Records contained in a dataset
BEGIN

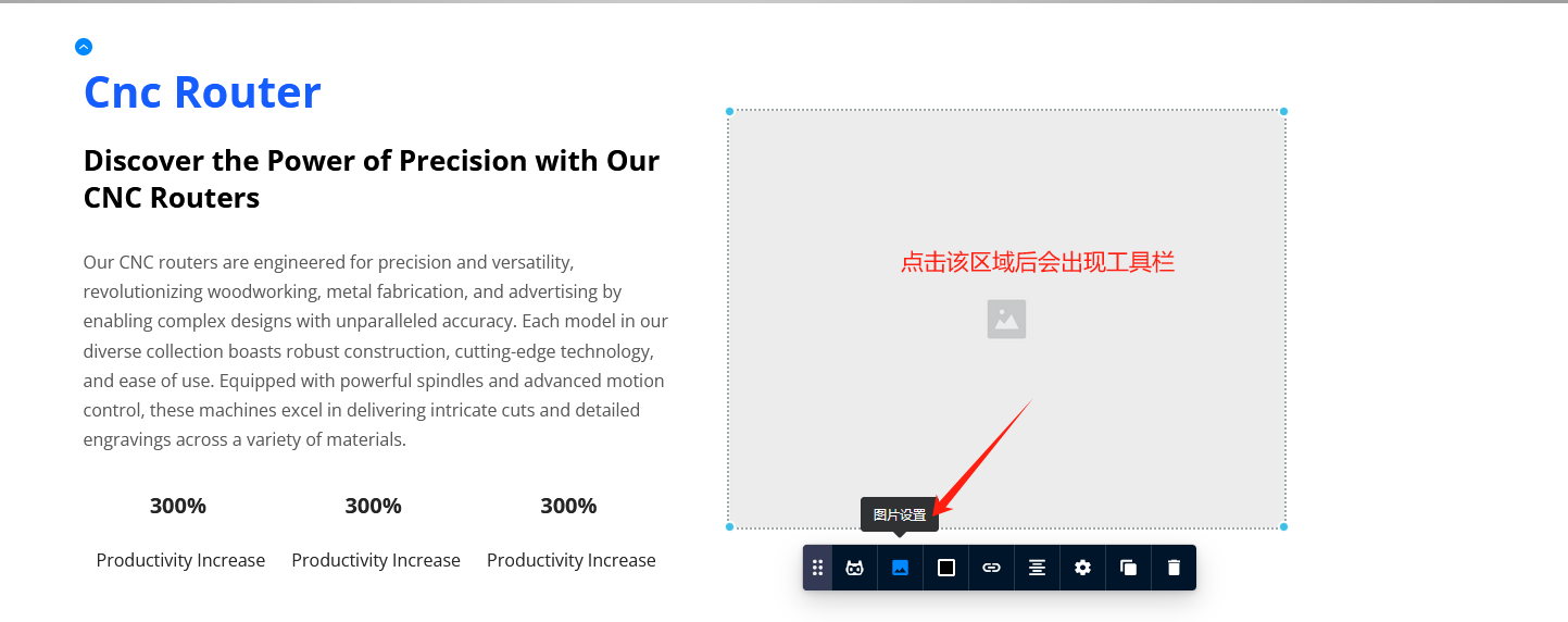 点击图片区域会出现工具栏,里面有图片设置,如图所示:
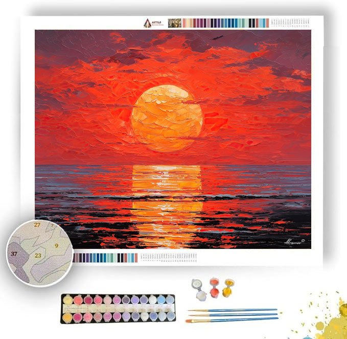 RED SUN OVER SEA - Paint by Numbers Full Kit
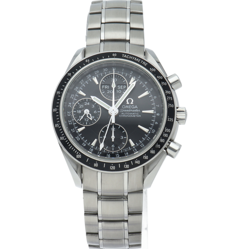 オメガの人気「スピードマスター」。クロノグラフ、月・日・曜日表示機能がついた便利な多機能ウォッチ。モデルチェンジに伴い高級感がアップした1本。
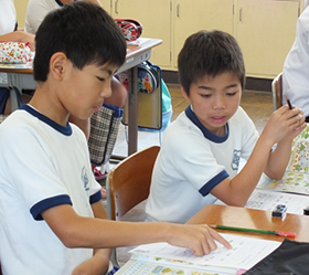 本校の中学年,高学年の担任は,これまで外国語活動の指導経験がなく,英語の教員免許を有しているわけでもない。事業指定により配置された専科教員(小学校2校兼務)と相談して指導計画を立てたり,指導についてのアドバイスをもらったりしながら,授業実践を重ねることで外国語活動の授業力をつけてきている。担任自身が外国語活動の時間を児童と一緒に楽しむこと,授業においては外国語を学ぶモデルとしての役割を果たすことが授業力をつける上で何より大切ではないかと感じている。
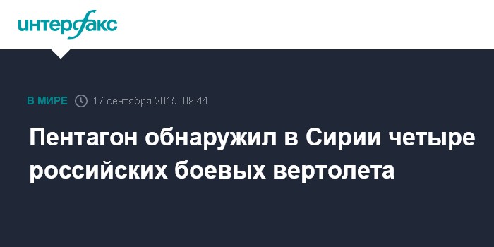 Москва. 17 сентября. INTERFAX.RU - Американские разведывательные спутники зафиксировали появление четырех российских боевых вертолетов в аэропорту сирийского города Латакия, где, как считает Пентагон, российские военные специалисты продолжают создание авиабазы. Об этом в четверг сообщил телеканал Fox News со ссылкой на данные Пентагона.
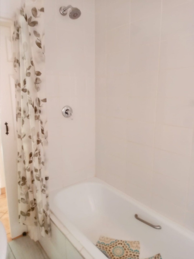 A Tiled Bathroom with Bath, Shower and Toilet with Blinds, add to the luxury of this unit, as well as an additional toilet for guests.
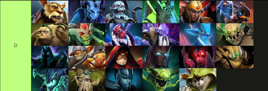 Fundamentalmente, há algo com cada um desses heróis que os torna ruins no jogo hoje, seja balanceamento, falta de conhecimento de jogo dos jogadores que os usam ou outra coisa. Por exemplo, Meepo está neste nível, porque apesar de um jogador Meepo altamente qualificado poder fazer a diferença, não há razão para jogar com Meepo ao invés de com qualquer um dos heróis dos níveis S, A, B, etc. Você terá bem mais chances de ganhar.
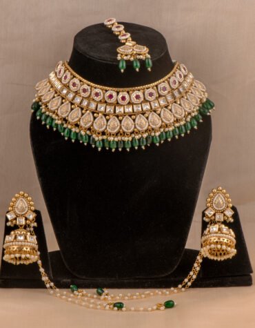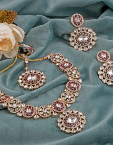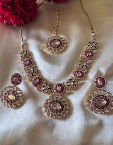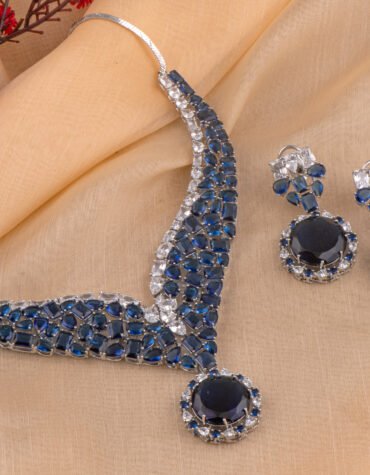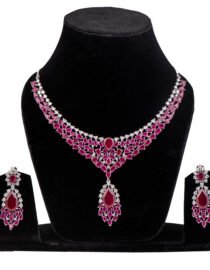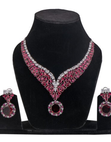 Short Description: The Rhodium Polished Imperial Ruby Necklace Set is a breathtaking display of royal elegance and contemporary sparkle. Featuring deep crimson stones and high-grade Cubic Zirconia (American Diamonds), this handcrafted rhodium polished set is the ultimate choice for bridal wear and grand celebrations.
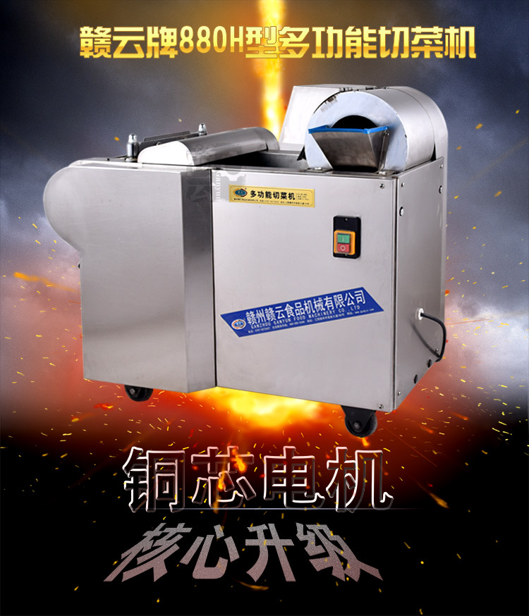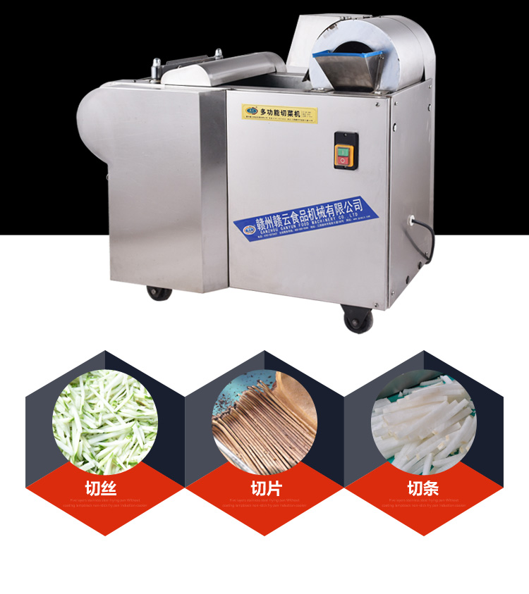 2015年新款加厚型切菜機(jī)是我廠經(jīng)過多年的切菜實(shí)踐經(jīng)驗(yàn)和客戶反饋等綜合信息考慮設(shè)計(jì)而成的,比原來的880型切菜機(jī)加厚板材,并配用全銅芯超穩(wěn)定型電機(jī)。保證產(chǎn)品質(zhì)量的同時(shí),使得產(chǎn)品外形更加美觀,更顯不銹鋼檔次。一小時(shí)可切600公斤蔬菜,切菜厚薄可調(diào)0-20mm,切片厚薄可調(diào)0-10mm,模擬手工切菜原理設(shè)計(jì)而成,采用輸送帶完美配合離心切片機(jī)構(gòu)和豎刀切菜機(jī)構(gòu),運(yùn)用手壓原理將切切成有規(guī)則的,間隙均勻的片、丁、絲、條等狀。
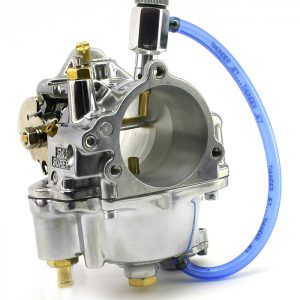 ThunderJet™ is a jet-able, externally mounted third fuel circuit that improves the performance of 2-circuit carbs such as the S&S Super. Unmodified, these carbs typically have a low speed, or intermediate, circuit that supplies fuel from idle to approximately 2500 rpm, at which point the carbs’ main jet circuit becomes active, delivering more fuel to the engine. These two circuits must then supply fuel for the rest of the rpm range. The problem is: the remaining rpm range is too wide (typically 2500-6500 rpm) for only 2 circuits to handle efficiently. The tuner generally encounters problems jetting the carb to give good, crisp mid-range response and still have strong topend power. A compromise is the result. Back the main jet down, carburetion in the mid-range is good but top-end is lacking. Increase the main, top-end improves but now the mid-range is rich; flat spots or hesitation is encountered. The answer? ThunderJet™!
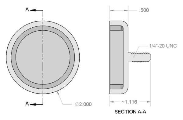 Dimensions | Diameter = 2″ (2.00″) Threaded Male Stud = 1/4″-20 UNC 2A Height = 1/2″ (0.50″) |
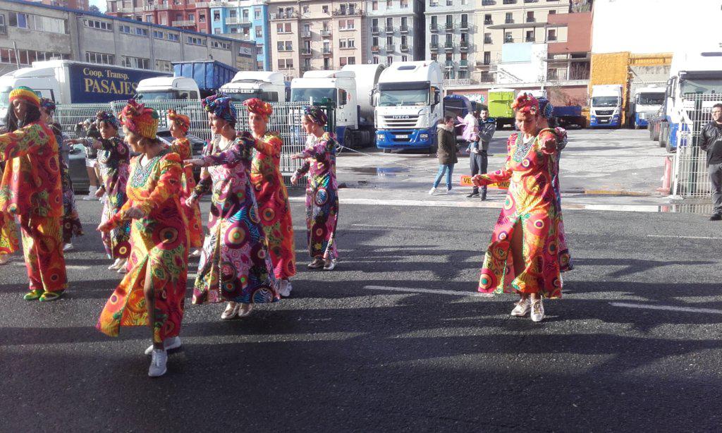 Desfilea euriarekin hasi da. Hamar minutu izan dira. Ondorengo urdinguneak utzi du segizioak behar zuen giroa bermatzen. Eta a zer giroa jarri duten hamarnaka konpartsetako ehunka dantzariek! Infiltraturen bat ere egon da bafle erraldoidun furgoneten artean.
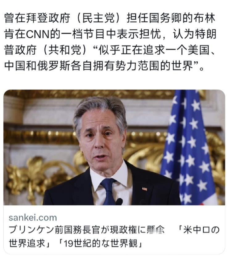 已经卸任的美国前国务卿布林肯,最近在CNN的一个节目里,对自己国家现在的政府,也就是特朗普政府的外交思路,表达了一种深深的忧虑。 他说了些什么呢?概括起来有两点,听起来都有点“重”。 第一,他担心特朗普政府正在追求一种“美国、中国和俄罗斯各自拥有势力范围的世界”。 第二,他认为这种想法体现了一种“19世纪的世界观”。 布林肯这个人,大家不陌生,作为美国前国务卿,他在任期间深度参与了美国的全球外交布局,从频繁斡旋中东冲突到多次访华推动中美沟通,始终站在美式全球秩序维护者的立场上。 如今他卸任后主动在CNN节目上发声,对特朗普政府的外交思路表达深深忧虑,绝非无的放矢,这背后是两种外交理念的根本碰撞,而他抛出的两个核心担忧,恰恰点中了特朗普外交思路的关键症结。 先说说布林肯担心的第一个问题,特朗普政府追求的“美国、中国和俄罗斯各自拥有势力范围的世界”,这种想法绝非空穴来风,而是有明确的政策倾向作为支撑。 特朗普政府上台后公布的最新《国家安全战略》已经清晰释放了信号,把西半球置于全球战略的首要位置,甚至明确宣示不允许他国染指,这本质上就是在重新划定自己的“势力范围”。 为了巩固这个所谓的“后院”,特朗普政府一边在委内瑞拉附近部署航母战斗群搞军事威慑,试图推翻反美政权、扶持亲美势力,把委内瑞拉的石油资源纳入掌控;一边又通过加征关税等经济手段干涉巴西内政,逼迫卢拉政府终止对前亲美总统博索纳罗的调查,用奖惩并施的方式向拉美国家传递“服从美国”的信号,这正是“势力范围”思维的典型操作。 而对于亚洲和欧洲,特朗普政府的态度则进一步印证了这种势力范围划分的思路。在亚洲,特朗普政府虽然承认中美之间的竞争关系,但不再像以往那样全力推行遏制政策,反而表现出一定的克制,试图通过有限竞争而非全面对抗的方式,默认中国在亚洲的影响力存在,这其实就是“各自拥有势力范围”的隐晦表达。 至于欧洲,更是被特朗普政府刻意边缘化,因为欧洲经济疲软、投入回报不成正比,还在俄乌问题上与美国立场不合,特朗普便打算减少对欧洲的投入,甚至放任欧洲自行应对安全问题,相当于把欧洲划出了自己的核心势力圈,间接给了俄罗斯在欧洲周边发挥影响的空间,这与“美中俄各自拥有势力范围”的构想完全吻合。 再看布林肯说的第二点,这种想法体现了“19世纪的世界观”,这一判断精准点出了特朗普外交思路的本质倒退。 所谓19世纪的世界观,核心就是大国通过强权政治划分势力范围,把弱小国家当作博弈筹码,完全忽视国家主权平等和国际法准则,当年欧洲列强瓜分殖民地、划分势力范围的历史,就是这种世界观的直接体现。 而当代国际秩序虽然存在诸多缺陷,但核心原则是主权平等、多边协作,哪怕是美国主导建立的国际体系,也需要通过规则和联盟而非单纯的势力划分来维持运转,这也是布林肯等传统外交精英的核心共识。 布林肯的忧虑,恰恰源于他清楚这种19世纪的思路会给全球秩序带来致命冲击。在全球化深度融合的今天,各国利益早已相互交织,一个国家的安全问题无法通过划分势力范围来解决,就像俄乌冲突、中东乱局,本质上都是势力范围博弈的后遗症,而特朗普政府却想重走老路。 更关键的是,这种思路会彻底瓦解美国长期构建的联盟体系,欧洲盟友已经因为被边缘化而感到不满,拉美国家也不会心甘情愿沦为美国的“后院”,一旦势力范围的边界模糊,大国之间的摩擦和冲突风险会急剧上升。布林肯作为深耕外交多年的官员,亲眼见证过规则体系对维持全球稳定的作用,自然明白放弃规则、回归强权的危险性。 更值得注意的是,布林肯的担忧背后还有一层深层逻辑,那就是特朗普的势力范围论会动摇美国的全球影响力基础。 美国的影响力不仅来自军事和经济实力,更来自其主导的规则和体系,而势力范围论本质上是一种战略收缩,意味着美国放弃了对全球秩序的主导权,转而追求局部利益。 这种收缩看似能减少投入,实则会让美国失去在国际事务中的话语权,当其他国家不再认同美国主导的规则,转而寻求多边协作时,美国的全球影响力就会不可逆转地下降。 布林肯之所以感到忧虑,正是因为他看清了这一点,而特朗普政府却只盯着短期利益,忽视了长期战略考量。 从布林肯的发声中,我们还能看到美国外交圈的深刻分裂:以布林肯为代表的传统派,主张通过维护规则、巩固联盟来维持美国的全球地位;而以特朗普为代表的现实主义派,则主张通过收缩战线、划分势力范围来实现“美国优先”。 布林肯的忧虑,不仅是对特朗普外交思路的质疑,更是对美国全球战略走向的担忧。毕竟,历史已经反复证明,势力范围划分从来不是和平的保障,而是冲突的温床,这也是布林肯的忧虑能够引发广泛共鸣的关键所在。
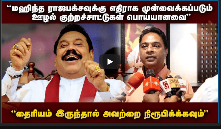 'மஹிந்த ராஜபக்சவுக்கு எதிராக முன்வைக்கப்படும் ஊழல் குற்றச்சாட்டுகள் பொய்யானவை
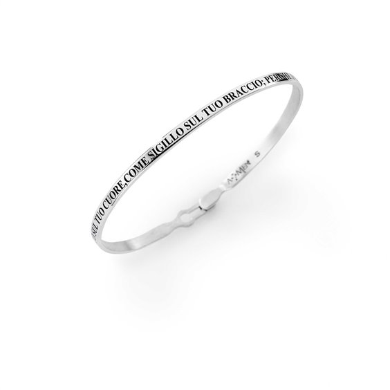 Bracelet rigide en argent 925 / °°° avec la phrase 'Mettez-moi comme un sceau sur votre coeur, comme un sceau sur votre bras, car fort comme la mort est l'amour' (Citant Cantico Dei Cantici), taille S (diamètre approximatif de 6 cm)
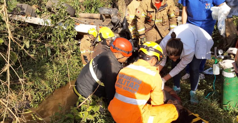 O Corpo de Bombeiros de Manhuaçu conseguiu resgatar a passageira com vida.
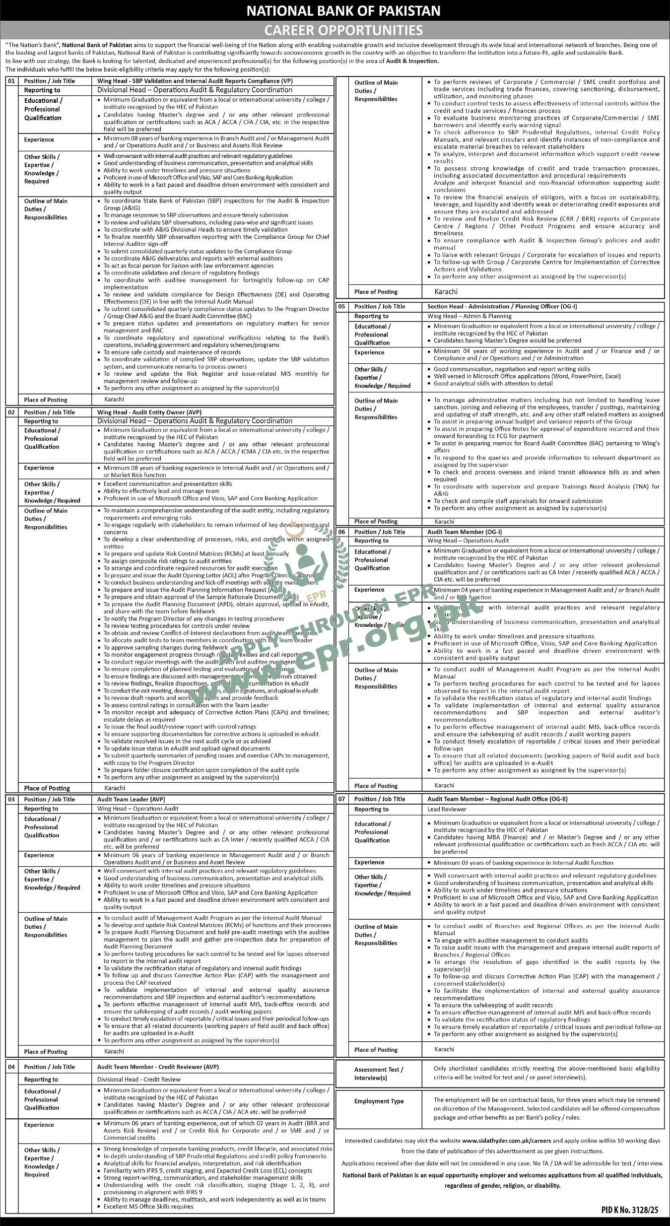Govt. Dept : National Bank of Pakistan (NBP)
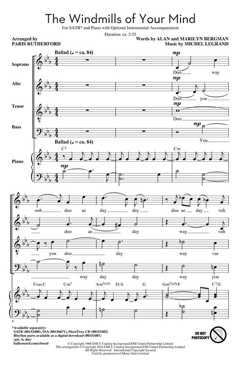 The Windmills of Your Mind CD ShowTrax CD The wistful atmosphere evoked by this classic song from the 1960s offers a wonderful opportunity for beginning and developing jazz/pop choirs to build intonation and style through the...Regular price $32.99 -
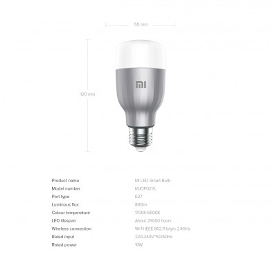 The Mi Smart Bulb 950 offers a Luminous Flux of 950 lumens, a color temperature range of 1700–6500 K, and a rated power of 9 W. It uses an E27 lamp fitting and has Wi-Fi connectivity (IEEE 802.11 b/g/n 2.4 GHz). The bulb also has a service life of approximately 25,000 hours.
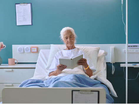Immagine 1: Anziana allettata che legge un libro
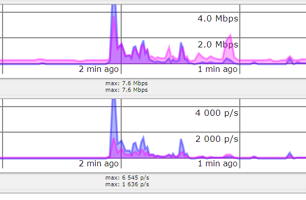In een aparte VLAN zit een machine die graag veel connecties kort open gooit, zonder daarbij echt traffic te doen.
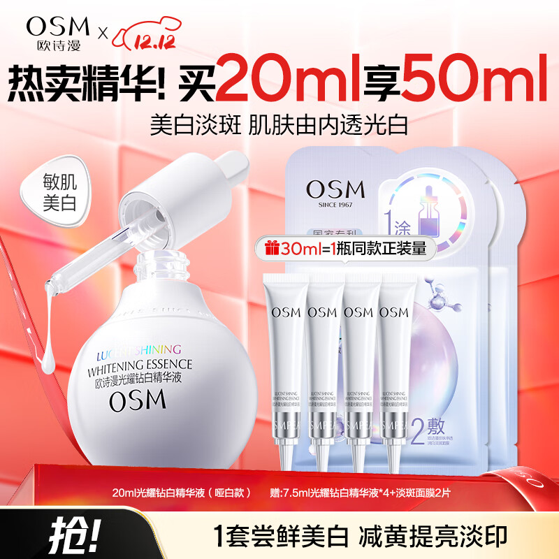 旗舰店欧诗漫(OSM)珍白因美白精华液提亮改善暗沉光甘草定377淡化痘印生日礼物 【尝鲜装】珍白因精华20ml
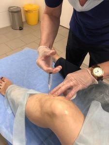 Процедура проводится в условиях перевязочной с соблюдением правил асептики и антисептики, в амбулаторном режиме. В качестве медикаментозного средства может использоваться раствор глюкозы или его смесь с анестетиком, аутологичная плазма или PRP.

END

(WHAT TO DO)
Only one thing is wanted here, an exact copy of the lines from the first line above through the line containing "A Tiled Bathroom", minus any picture.

(YOUR RESPONSE)
 点击图片区域会出现工具栏,里面有图片设置,如图所示:
 RED SUN OVER SEA - Paint by Numbers Full Kit
 オメガの人気「スピードマスター」。クロノグラフ、月・日・曜日表示機能がついた便利な多機能ウォッチ。モデルチェンジに伴い高級感がアップした1本。
 本校の中学年,高学年の担任は,これまで外国語活動の指導経験がなく,英語の教員免許を有しているわけでもない。事業指定により配置された専科教員(小学校2校兼務)と相談して指導計画を立てたり,指導についてのアドバイスをもらったりしながら,授業実践を重ねることで外国語活動の授業力をつけてきている。担任自身が外国語活動の時間を児童と一緒に楽しむこと,授業においては外国語を学ぶモデルとしての役割を果たすことが授業力をつける上で何より大切ではないかと感じている。
 Москва. 17 сентября. INTERFAX.RU - Американские разведывательные спутники зафиксировали появление четырех российских боевых вертолетов в аэропорту сирийского города Латакия, где, как считает Пентагон, российские военные специалисты продолжают создание авиабазы. Об этом в четверг сообщил телеканал Fox News со ссылкой на данные Пентагона.
 A Tiled Bathroom with Bath, Shower and Toilet with Blinds, add to the luxury of this unit, as well as an additional toilet for guests.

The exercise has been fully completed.